To compare the average biosynthetic cost of S. cerevisiae’s proteins and their three expressivity measures (CAI, transcript abundance, and protein abundance), a Spearman (1904) rank correlation was performed (significance set at α = 0.05). To determine whether the effects of cost selection are experienced by proteins independent of their function, correlations between average amino acid biosynthetic cost and expression level were determined on genes in each of the 15 functional categories (as listed in the Comprehensive Yeast Genome Database [Güldener et al. 2005]). Those genes that were labeled “classification not yet clear-cut” or “unclassified proteins” or that were in functional categories containing fewer than 50 genes were excluded.

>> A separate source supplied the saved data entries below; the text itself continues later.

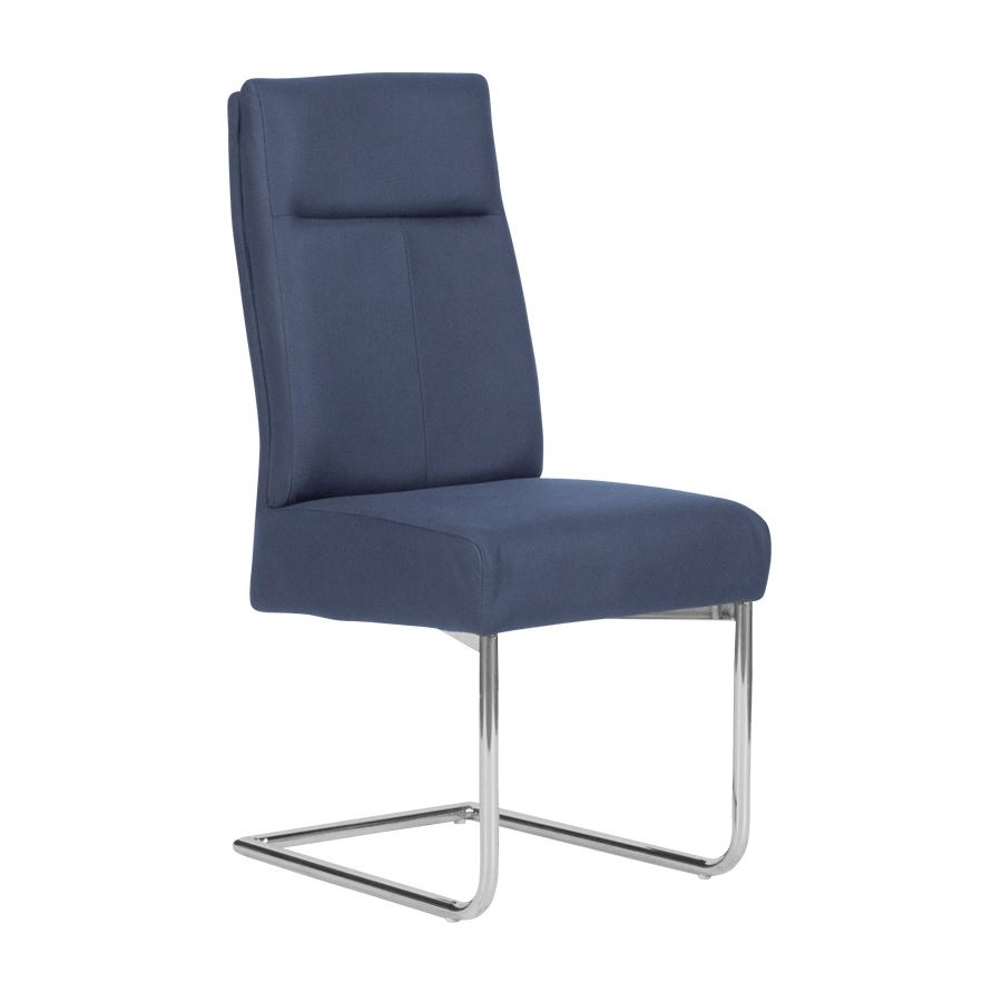 Висок трапезен стол от еко кожа и нестандартна основа-тъмносин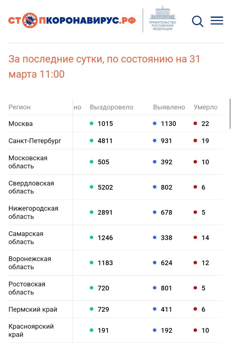 ? выписано в связи с выздоровлением 50 496 человек, на 1,2% меньше по сравнению с 30 марта
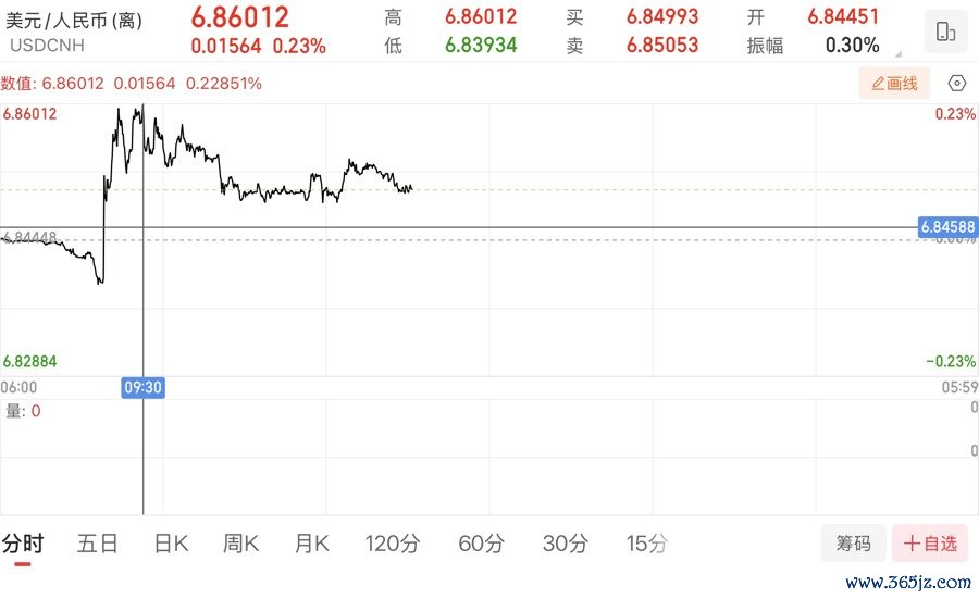 美元兑离岸人民币汇率盘中破6.86元。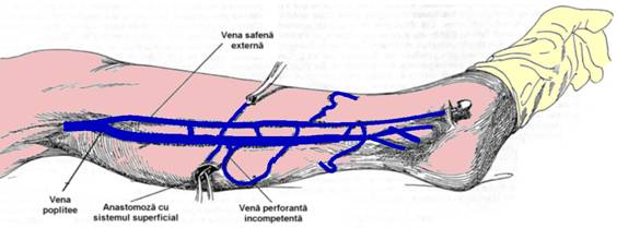 Daca in timpul disectiei se intalnesc venele comunicante, trebuie ligaturate si sectionate. Comunicantele mari, marcate preoperator, vor fi descoperite si ligaturate (Fig.9).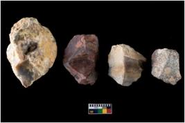 | Description / विवरण | There are n-4 of intact cores made up of Chert.There are multidirectional irregular dominant scar pattern on both dorsal and ventral face of the cores. |

Individual amino acid usage was examined to determine whether cost selection is experienced consistently across all amino acids (biosynthetically inexpensive amino acids should exhibit preferential use in highly expressed genes, while biosynthetically expensive amino acids should exhibit avoidance). To determine whether amino acid usage is consistent with biosynthetic cost, a Spearman rank correlation was calculated between the gene’s usage of each amino acid and the gene’s expression level. A Mantel-Haenszel (1959) test was used to determine whether functional category was a confounding factor in the amino acid usage analysis. The Mantel-Haenszel test stratifies the amino acid usage data by functional category into 2 × 2 contingency tables where the counts of the amino acid (for a given functional category) are reported as highly or weakly expressed, and as a count of the target amino acid and a count of all other amino acids. Genes falling below the median expression value were designated “weakly expressed,” while those falling above the median were designated “highly expressed.” The threshold for significance for both tests was set at α = 0.05 with a sequential Bonferroni correction.

Results

Correlation Between Gene Expressivity and Amino Acid Production Cost

Statistically significant negative Spearman rank correlations (p < 0.05; Table 3, overall values; Fig. 1) were found between all expression measures (degree to which translationally preferred codons are used, degree of transcript abundance, and degree of protein abundance) and the average biosynthetic cost per encoded amino acid for both aerobic and anaerobic pathways in S. cerevisiae.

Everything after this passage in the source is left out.